Wenn der Chef vorangeht, ist das üblicherweise vorbildhaft und seiner Rolle angemessen. Dass in Hamm Polizeipräsident Erich Sievert allerdings als einer der ersten und bislang wenigen Vertreter der Polizei eine Corona-Impfung erhalten hat, stößt in der 400-Mann-Behörde offenbar auf großes Unverständnis.

Hamm – „Warum der Präsident und nicht die Kollegen, die täglich in vorderster Front im Einsatz sind?“, schildern Polizeibedienstete die Stimmung auf den Fluren in Hamm. Es sei erheblicher Druck auf dem Kessel und eine Impfneid-Debatte unter den Beamten entfacht. Polizeisprecher Hendrik Heine bestätigte dieses Stimmungsbild gegenüber dem WA nicht. Es gebe unter den jüngeren Kollegen durchaus auch solche, die das Vorgehen Sieverts gutheißen würden, sagte Heine. (News zum Coronavirus in Hamm)

Wie Heine weiter einräumte, hatte die Behördenleitung in Hamm tatsächlich im Alleingang festgelegt, wie überschüssiges Impfmaterial aus den Altenheimen oder dem Impfzentrum unter den Beamten zu verteilen sein sollte – wenn denn die Polizei als möglicher Abnehmer angesprochen würde. „Ad hoc“ habe Sievert eine Entscheidung treffen müssen, und sich für eine Zweiteilung der Belegschaft in Über 60-Jährige und Unter 60-Jährige entschieden. Zuerst sollten demnach die über 60-Jährigen geimpft werden. Der Personalrat oder die Gleichstellungsstelle seien nicht in die Entscheidung eingebunden gewesen, erklärte Heine auf Nachfrage weiter.

Impf-Bilanz in Hamm

In den stationären Pflegeeinrichtungen wurden bislang 4200 Erst- und 3700 Zweitimpfungen bei Bewohnern und Mitarbeitern vorgenommen (Stand 15. Februar). In den Krankenhäusern wurden bis Montag 1850 Impfungen verabreicht, 750 Mitarbeiter haben auch die Folgeimpfung. Am Impfzentrum wurden bis Montag 1300 Impfen verabreicht. 

Sievert, selbst 65 Jahre alt, war demzufolge einer der ersten, die Ende Januar den Impfstoff erhielten. Weitere etwa 25 Beamte wurden seitdem ebenfalls geimpft. Das Problem an dem Verfahren: Über 60-jährige Polizisten sind nicht mehr auf der Straße im Einsatz, sondern „Schreibtischtäter“ mit wenig bis gar keinen Publikumskontakten. Während am Montag bei dem Großeinsatz zur Testung der bulgarischen Community die eingesetzten Polizisten zwar einen Corona-Vollschutz trugen, hatten sie aber keine Impfung erhalten.

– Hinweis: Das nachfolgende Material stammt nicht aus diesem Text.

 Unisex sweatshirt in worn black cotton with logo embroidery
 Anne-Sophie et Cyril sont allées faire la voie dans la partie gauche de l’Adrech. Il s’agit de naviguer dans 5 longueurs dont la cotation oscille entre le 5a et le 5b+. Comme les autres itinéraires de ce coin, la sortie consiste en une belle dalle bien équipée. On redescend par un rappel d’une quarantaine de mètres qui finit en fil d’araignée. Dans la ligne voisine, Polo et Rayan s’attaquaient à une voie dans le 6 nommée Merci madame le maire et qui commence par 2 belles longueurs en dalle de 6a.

Listen der Impfwilligen auf der Leitstelle

Dirk Schade, Personalratsvorsitzender der Hammer Polizei, wollte gegenüber unserer Zeitung keine Stellungnahme abgeben. „Das sind Interna. Dazu möchte ich mich nicht äußern“, sagte Schade am Donnerstag.

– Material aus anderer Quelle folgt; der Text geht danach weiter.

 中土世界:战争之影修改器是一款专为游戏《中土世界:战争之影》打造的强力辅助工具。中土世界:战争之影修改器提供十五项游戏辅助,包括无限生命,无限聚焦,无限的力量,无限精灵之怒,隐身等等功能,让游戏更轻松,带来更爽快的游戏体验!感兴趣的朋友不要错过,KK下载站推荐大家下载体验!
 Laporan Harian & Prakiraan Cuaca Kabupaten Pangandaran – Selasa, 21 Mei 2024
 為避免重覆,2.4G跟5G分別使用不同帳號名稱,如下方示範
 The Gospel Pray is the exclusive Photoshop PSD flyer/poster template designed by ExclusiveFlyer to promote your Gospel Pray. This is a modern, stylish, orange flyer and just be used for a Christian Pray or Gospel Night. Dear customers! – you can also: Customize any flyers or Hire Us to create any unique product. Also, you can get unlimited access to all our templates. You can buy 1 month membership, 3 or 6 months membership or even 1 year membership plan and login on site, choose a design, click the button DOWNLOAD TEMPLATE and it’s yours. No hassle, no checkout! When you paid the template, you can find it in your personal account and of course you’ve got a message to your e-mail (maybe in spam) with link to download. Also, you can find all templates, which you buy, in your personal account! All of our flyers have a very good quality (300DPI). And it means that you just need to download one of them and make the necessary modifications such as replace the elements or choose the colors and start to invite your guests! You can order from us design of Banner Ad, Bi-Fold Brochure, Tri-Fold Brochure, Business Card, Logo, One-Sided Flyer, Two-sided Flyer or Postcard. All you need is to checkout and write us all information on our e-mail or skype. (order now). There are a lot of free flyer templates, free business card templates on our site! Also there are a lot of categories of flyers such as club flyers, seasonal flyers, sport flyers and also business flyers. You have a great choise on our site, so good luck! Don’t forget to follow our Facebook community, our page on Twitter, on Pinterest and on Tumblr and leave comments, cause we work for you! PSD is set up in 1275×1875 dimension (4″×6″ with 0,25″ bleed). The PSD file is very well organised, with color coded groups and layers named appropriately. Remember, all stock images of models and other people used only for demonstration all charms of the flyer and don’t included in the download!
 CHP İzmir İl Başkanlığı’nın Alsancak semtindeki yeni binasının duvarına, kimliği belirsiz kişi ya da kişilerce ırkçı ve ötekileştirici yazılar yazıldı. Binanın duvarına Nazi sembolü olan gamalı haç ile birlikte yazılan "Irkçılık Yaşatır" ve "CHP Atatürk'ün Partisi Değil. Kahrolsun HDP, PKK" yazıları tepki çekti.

Mittlerweile hat auch ein kleiner Teil der im operativen Dienst tätigen Beamten eine Impfung erhalten. Das geschah immer dann, wenn die Impfungen besonders kurzfristig - also innerhalb von wenigen Stunden - zu verabreichen waren und ansonsten verfallen wären. Waren die über 60-Jährigen nicht erreichbar oder konnten sie nicht schnell genug zum Impfen erscheinen, wurden die Beamten aus dem Wach- und Wechseldienst gefragt. Entsprechende Listen mit den Namen der Impfwilligen aus Reihen der Polizei lägen auf der Leitstelle, sagte Heine. Die dort tätigen Beamten würden diese im Impf-Fall abtelefonieren.

Listen auch bei Leitung des Impfzentrums

Listen werden auch von der medizinischen Leitung des Impfzentrums Hamm geführt. Hier sind Personen aufgeführt, die laut den Bestimmungen des Landes NRW für eine Rest-Impfdosis infrage kommen. Die Liste wird ständig fortgeführt und beinhaltet auch noch Personen aus Pflegeheimen, die den Impftermin in ihrer Einrichtung aus unterschiedlichen Gründen nicht wahrnehmen konnten, erklärte die Stadt. Sollte diese Liste erschöpft sein, werde nach Landesvorgaben weiter priorisiert.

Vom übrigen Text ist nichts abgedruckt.